GE Aerospace Stock Sinks: Time to Buy?


The reaction to GE Aerospace‘s (NYSE: GE) latest earnings report might make it to an investing trivia game show one day. When did a company last decline 9% on the day of results that included management raising its full-year operating profit, earnings per share (EPS), and free cash flow (FCF) guidance? Here’s what happened and how to think about the stock.

The table below shows how GE raised guidance across the board, yet the market sold off the stock heavily on the release day. The market is worried about something other than the headline numbers, and on closer inspection, it’s clear two issues with GE’s current operations are causing concern.

Full-Year 2024 Guidance Metrics

July

Current

Adjusted revenue growth

High single digits

High single digits

Operating profit

$6.5 billion to $6.8 billion

$6.7 billion to $6.9 billion

Adjusted EPS

$3.95-$4.20

$4.20-$4.35

Free cash flow

$5.3 billion to $5.6 billion

$5.6 billion to $5.8 billion

Data source: GE Aerospace presentations.

GE Aerospace operates in two segments: Commercial Engines & Services (CES) and Defense & Propulsion Technologies (DPT). CES is, by some distance, the more important of the two segments. Its engines dominate the commercial aviation market, with positions on both narrowbody workhorses of the skies (the Boeing 737 MAX and the Airbus A320neo) and the widebody Boeing 787, 777X, and Airbus A330.
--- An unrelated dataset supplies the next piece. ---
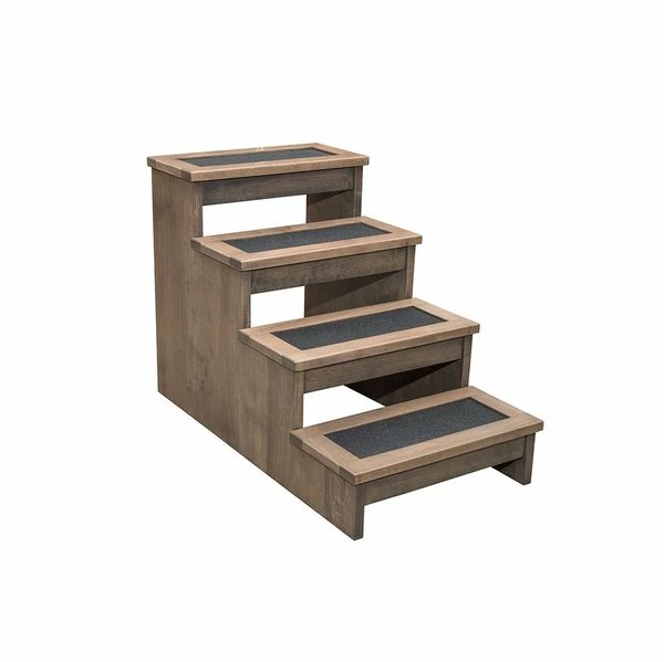 Our Amish Pet Steps are available in red oak, brown maple, quarter sawn white oak or cherry wood. Customize with the combination that works best for you. These pet steps are available with two, three or up to four steps to serve you best. Non-slip treads set in the beautiful solid wood ensure a safe climb to the top of the bed.
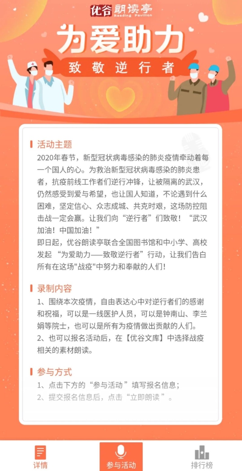 為感謝所有朗讀者,本次活動的優(yōu)秀作品將在【優(yōu)谷朗讀】小程序置頂展播,“圖書館”和“優(yōu)谷朗讀亭”等多所高校、中小學的微信公眾號也將聯(lián)合推送,您的告白將被逆行者們收聽。

CES is also the star performer this year, and once again, the reason for the guidance hike is that CES’ operating profit guidance was raised from $6.6 billion to $6.8 billion from $6.3 billion to $6.5 billion previously.

An airplane engine.
Image source: Getty Images.

However, investors are concerned that the ongoing supply chain issues negatively impact CES’ ability to deliver airplane engines, notably the CFM International (a joint venture between GE and Safran) LEAP engine (the sole option on the Boeing 737 MAX and one of two on the Airbus A320neo).

The table below shows the significant reduction in delivery growth expectations due to supply chain issues compounded by the Boeing strike. While fewer deliveries aren’t a negative in terms of near-term earnings because engines tend to be loss-making, they will negatively impact the long-term trajectory of long-term aftermarket revenue on the LEAP engines. CES primarily makes its money on commercial engine aftermarket parts and service.

As such, the market is probably concerned that the ongoing LEAP delivery issues could eventually catch up with GE, even if near-term CES profitability is excellent.